Vers une réelle réglementation

De par un développement fantastique ces 30 dernières années, le secteur de l'hôtellerie-restauration a été un des plus importants créateurs d'emplois. Paradoxalement, il est resté un des seuls secteurs à ne pas se doter d'une réglementation claire en matière d'emploi et, jusqu'à ce jour, n'a toujours pas de Convention collective. Il semble toutefois qu'avec le temps, les négociations aient suffisamment avancé pour laisser imaginer une signature dans l'année. Nous vous proposons un tour d'horizon de la situation.

Par Pascale Carbillet

Comment travaillait-on dans les CHR ?

L'évolution des horaires effectués

C'est la loi du 21 juin 1936 qui a instauré la semaine des 40 heures avec un jour de repos hebdomadaire de 24 heures minimum, ce qui conduisait à un maximum de 6 jours de travail par semaine civile.
Des décrets d'application sont venus par la suite fixer par profession les modalités de ces dispositions en prenant en compte les spécificités de ces professions.
Ce temps correspond à un travail effectif, donc hors habillage et pause repas et des contraintes d'inaction de certaines activités qui comportent des temps morts ou des heures creuses. C'est dans cet esprit qu'à l'époque, dans les professions de l'hôtellerie et de la restauration, il a été instauré le système des heures d'équivalence, qui était censé donner le temps de travail équivalent à ces 40 heures. Les décrets du 16 juin 1937 et du 31 décembre 1938 ont fixé des équivalences de deux sortes, des payées et des non payées.

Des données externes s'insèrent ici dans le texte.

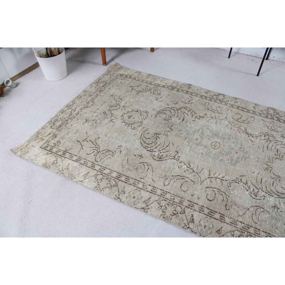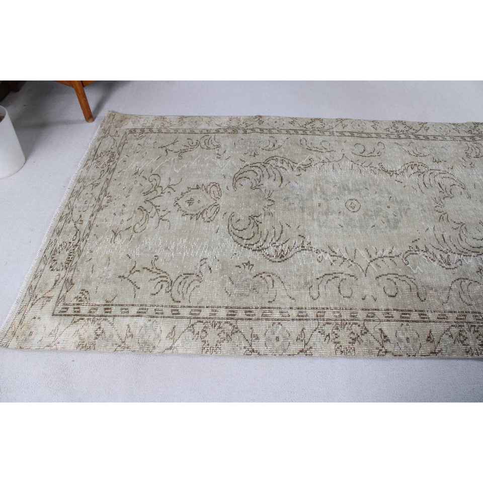 พรมวินเทจสไตล์ตุรกี ขนาด 4.5x8.7 ฟุต พรมลายทางสีเทาน้ำตาล

Ces équivalences étaient à l'époque de :
* Cuisiniers : 45 heures payées 45 heures ;
* Autres : 50 heures payées 45 heures ;
* Gardiennage : 56 heures payées 45 heures.
C'est ce système des équivalences qui fait que certains salariés effectuent plus d'heures que d'autres pour le même salaire de base. On parle alors d'heures de travail effectif et d'heures de présence.
Ces heures d'équivalence ont été progressivement réduites par la suite.

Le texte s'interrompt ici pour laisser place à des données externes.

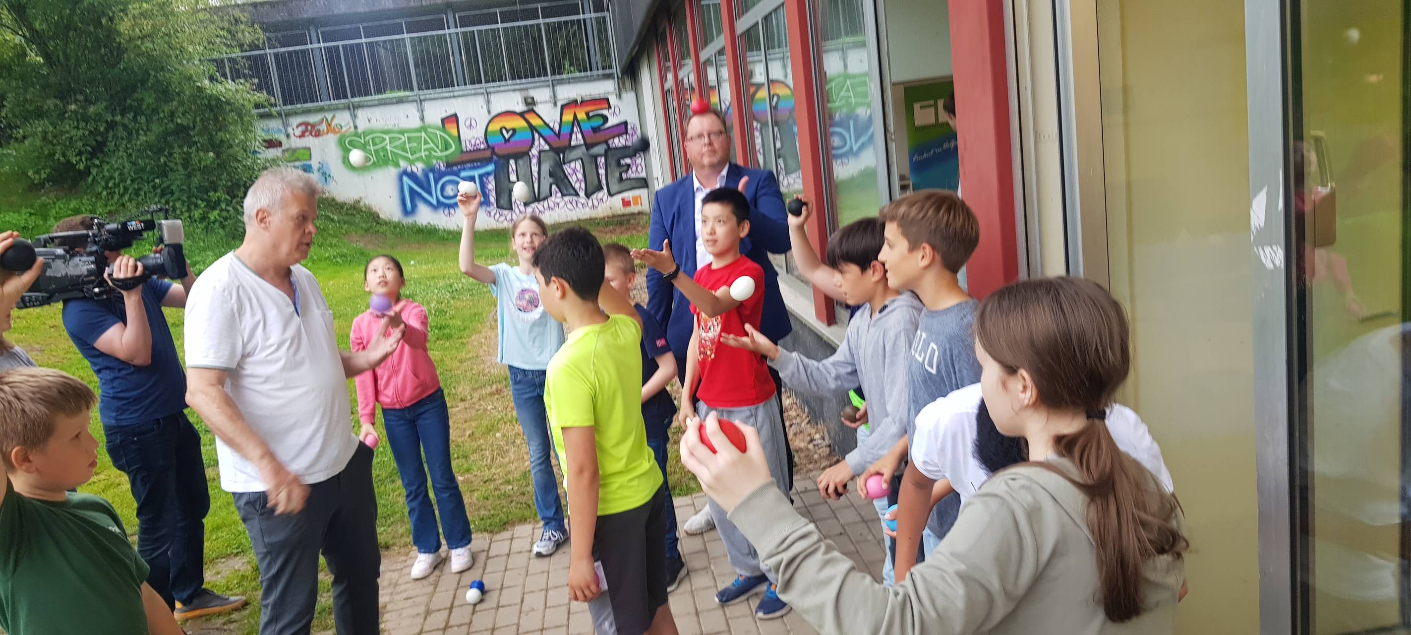 Damit der Weltrekordversuch gelingt und die Schule einen Eintrag ins Guiness Buch der Rekorde bekommt, müssen am 04.07.2024 (im Rahmen des Schulfestes zum 50-jährigen Bestehen) innerhalb von einer halben Stunde mindestens 446 Teilnehmer das Jonglieren mit 3 Bällen erlernt haben. Dazu hat die Schule Jonglier-Trainer Stephan Ehlers eingeladen. Der hat ein spezielles Trainingsprogramm parat, mit dem das klappen soll.

A compter du 1er janvier 1980, elles ont été pour chaque catégorie de personnel de :
* Cuisiniers : 44 heures payées 44 heures ;
* Autres : 49 heures payées 44 heures ;
* Veilleurs de nuits : 55 heures payées 44 heures.
Puis le protocole d'accord du 2 mars 1988, qui est toujours en vigueur à l'heure actuelle, a fixé ces horaires à :
* Cuisiniers : 43 heures payées 43 heures ;
* Autres : 45 heures payées 43 heures ;
* Veilleurs de nuits : 52 heures payées 43 heures.

A combien de jours de repos hebdomadaire avait-on droit ?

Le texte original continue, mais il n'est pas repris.